Material for this exercise =>
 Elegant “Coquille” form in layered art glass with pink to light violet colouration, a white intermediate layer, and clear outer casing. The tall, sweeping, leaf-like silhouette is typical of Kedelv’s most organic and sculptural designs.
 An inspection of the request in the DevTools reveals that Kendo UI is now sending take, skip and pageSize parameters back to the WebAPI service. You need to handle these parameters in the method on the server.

==

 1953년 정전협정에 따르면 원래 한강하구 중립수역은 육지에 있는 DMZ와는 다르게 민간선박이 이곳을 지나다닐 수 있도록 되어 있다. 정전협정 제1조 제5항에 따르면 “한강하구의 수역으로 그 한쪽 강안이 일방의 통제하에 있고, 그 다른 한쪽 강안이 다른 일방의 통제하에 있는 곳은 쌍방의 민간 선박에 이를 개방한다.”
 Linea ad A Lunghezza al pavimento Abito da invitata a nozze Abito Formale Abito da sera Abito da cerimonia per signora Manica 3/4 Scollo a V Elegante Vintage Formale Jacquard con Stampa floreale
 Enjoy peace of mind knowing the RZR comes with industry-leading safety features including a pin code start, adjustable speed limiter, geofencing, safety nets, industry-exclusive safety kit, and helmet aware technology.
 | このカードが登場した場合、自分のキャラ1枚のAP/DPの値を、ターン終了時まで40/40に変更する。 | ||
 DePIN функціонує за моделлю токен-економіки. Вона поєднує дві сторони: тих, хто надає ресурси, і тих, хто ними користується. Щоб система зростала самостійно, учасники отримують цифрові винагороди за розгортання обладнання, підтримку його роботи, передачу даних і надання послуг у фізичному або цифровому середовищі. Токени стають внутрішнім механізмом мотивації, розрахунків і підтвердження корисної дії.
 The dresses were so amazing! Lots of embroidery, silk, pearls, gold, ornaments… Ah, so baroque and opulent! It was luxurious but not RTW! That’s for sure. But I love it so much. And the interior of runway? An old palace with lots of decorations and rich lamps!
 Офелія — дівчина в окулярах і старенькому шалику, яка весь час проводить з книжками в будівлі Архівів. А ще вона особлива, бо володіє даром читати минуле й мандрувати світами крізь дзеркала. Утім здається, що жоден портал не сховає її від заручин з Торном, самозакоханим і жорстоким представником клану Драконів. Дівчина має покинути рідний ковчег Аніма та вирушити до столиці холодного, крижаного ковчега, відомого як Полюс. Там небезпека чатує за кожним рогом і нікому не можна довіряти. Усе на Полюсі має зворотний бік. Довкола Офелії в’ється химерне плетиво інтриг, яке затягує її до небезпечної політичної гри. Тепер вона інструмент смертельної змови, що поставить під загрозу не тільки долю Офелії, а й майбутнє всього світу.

...

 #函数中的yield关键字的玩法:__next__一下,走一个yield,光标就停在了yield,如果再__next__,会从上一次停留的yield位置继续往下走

Activity =>
All lines above from the one with "and sculptural designs." to the one with "An inspection of", inclusive, should be copied exactly, and no other lines.

Answer space =>
 Elegant “Coquille” form in layered art glass with pink to light violet colouration, a white intermediate layer, and clear outer casing. The tall, sweeping, leaf-like silhouette is typical of Kedelv’s most organic and sculptural designs.
 An inspection of the request in the DevTools reveals that Kendo UI is now sending take, skip and pageSize parameters back to the WebAPI service. You need to handle these parameters in the method on the server.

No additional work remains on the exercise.